#### EXERCISE BRIEF
Omit the pictures and return exactly the stretch of the material below from the line with "Diagram showing Web3" through the line with "with painted floorboards, localised".

#### MATERIAL FOR THE TASK
········

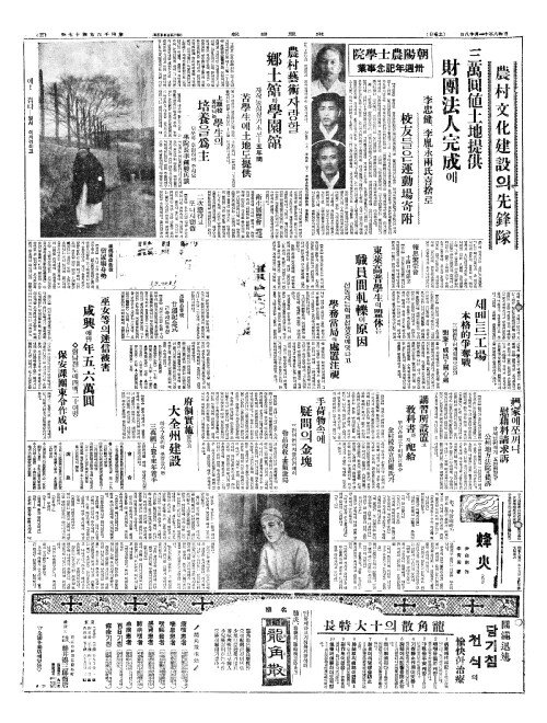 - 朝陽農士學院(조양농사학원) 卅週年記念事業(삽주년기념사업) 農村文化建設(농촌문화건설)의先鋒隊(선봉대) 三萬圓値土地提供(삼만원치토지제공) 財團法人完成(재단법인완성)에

········

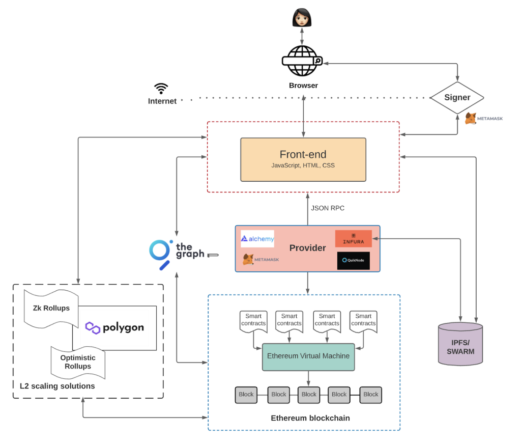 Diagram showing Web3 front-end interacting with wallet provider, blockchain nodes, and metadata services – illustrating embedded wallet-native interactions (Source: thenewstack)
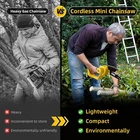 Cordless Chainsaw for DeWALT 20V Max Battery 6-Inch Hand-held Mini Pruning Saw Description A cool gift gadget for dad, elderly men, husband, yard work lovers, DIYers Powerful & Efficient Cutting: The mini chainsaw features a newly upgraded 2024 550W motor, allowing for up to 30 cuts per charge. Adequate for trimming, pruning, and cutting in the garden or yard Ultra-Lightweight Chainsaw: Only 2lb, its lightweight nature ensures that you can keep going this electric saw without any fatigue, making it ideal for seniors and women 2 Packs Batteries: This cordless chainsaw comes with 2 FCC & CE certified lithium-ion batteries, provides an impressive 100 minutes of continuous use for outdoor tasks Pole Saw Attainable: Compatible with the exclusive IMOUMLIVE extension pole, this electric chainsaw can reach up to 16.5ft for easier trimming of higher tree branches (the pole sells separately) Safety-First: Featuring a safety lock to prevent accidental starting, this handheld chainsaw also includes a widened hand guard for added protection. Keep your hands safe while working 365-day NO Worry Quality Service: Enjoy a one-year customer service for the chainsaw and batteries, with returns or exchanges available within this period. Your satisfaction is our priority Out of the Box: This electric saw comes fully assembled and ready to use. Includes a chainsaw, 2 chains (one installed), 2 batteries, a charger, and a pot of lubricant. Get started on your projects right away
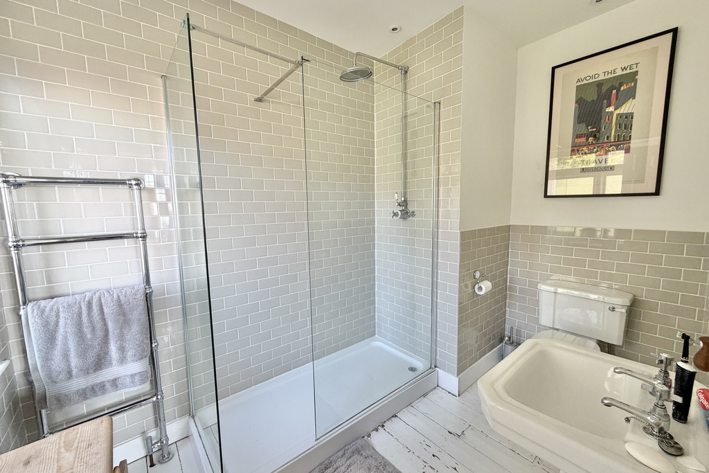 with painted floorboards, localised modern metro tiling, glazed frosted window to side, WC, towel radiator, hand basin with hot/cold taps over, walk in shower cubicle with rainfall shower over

········

#### OUTPUT BELOW
 Diagram showing Web3 front-end interacting with wallet provider, blockchain nodes, and metadata services – illustrating embedded wallet-native interactions (Source: thenewstack)
 Cordless Chainsaw for DeWALT 20V Max Battery 6-Inch Hand-held Mini Pruning Saw Description A cool gift gadget for dad, elderly men, husband, yard work lovers, DIYers Powerful & Efficient Cutting: The mini chainsaw features a newly upgraded 2024 550W motor, allowing for up to 30 cuts per charge. Adequate for trimming, pruning, and cutting in the garden or yard Ultra-Lightweight Chainsaw: Only 2lb, its lightweight nature ensures that you can keep going this electric saw without any fatigue, making it ideal for seniors and women 2 Packs Batteries: This cordless chainsaw comes with 2 FCC & CE certified lithium-ion batteries, provides an impressive 100 minutes of continuous use for outdoor tasks Pole Saw Attainable: Compatible with the exclusive IMOUMLIVE extension pole, this electric chainsaw can reach up to 16.5ft for easier trimming of higher tree branches (the pole sells separately) Safety-First: Featuring a safety lock to prevent accidental starting, this handheld chainsaw also includes a widened hand guard for added protection. Keep your hands safe while working 365-day NO Worry Quality Service: Enjoy a one-year customer service for the chainsaw and batteries, with returns or exchanges available within this period. Your satisfaction is our priority Out of the Box: This electric saw comes fully assembled and ready to use. Includes a chainsaw, 2 chains (one installed), 2 batteries, a charger, and a pot of lubricant. Get started on your projects right away
 with painted floorboards, localised modern metro tiling, glazed frosted window to side, WC, towel radiator, hand basin with hot/cold taps over, walk in shower cubicle with rainfall shower over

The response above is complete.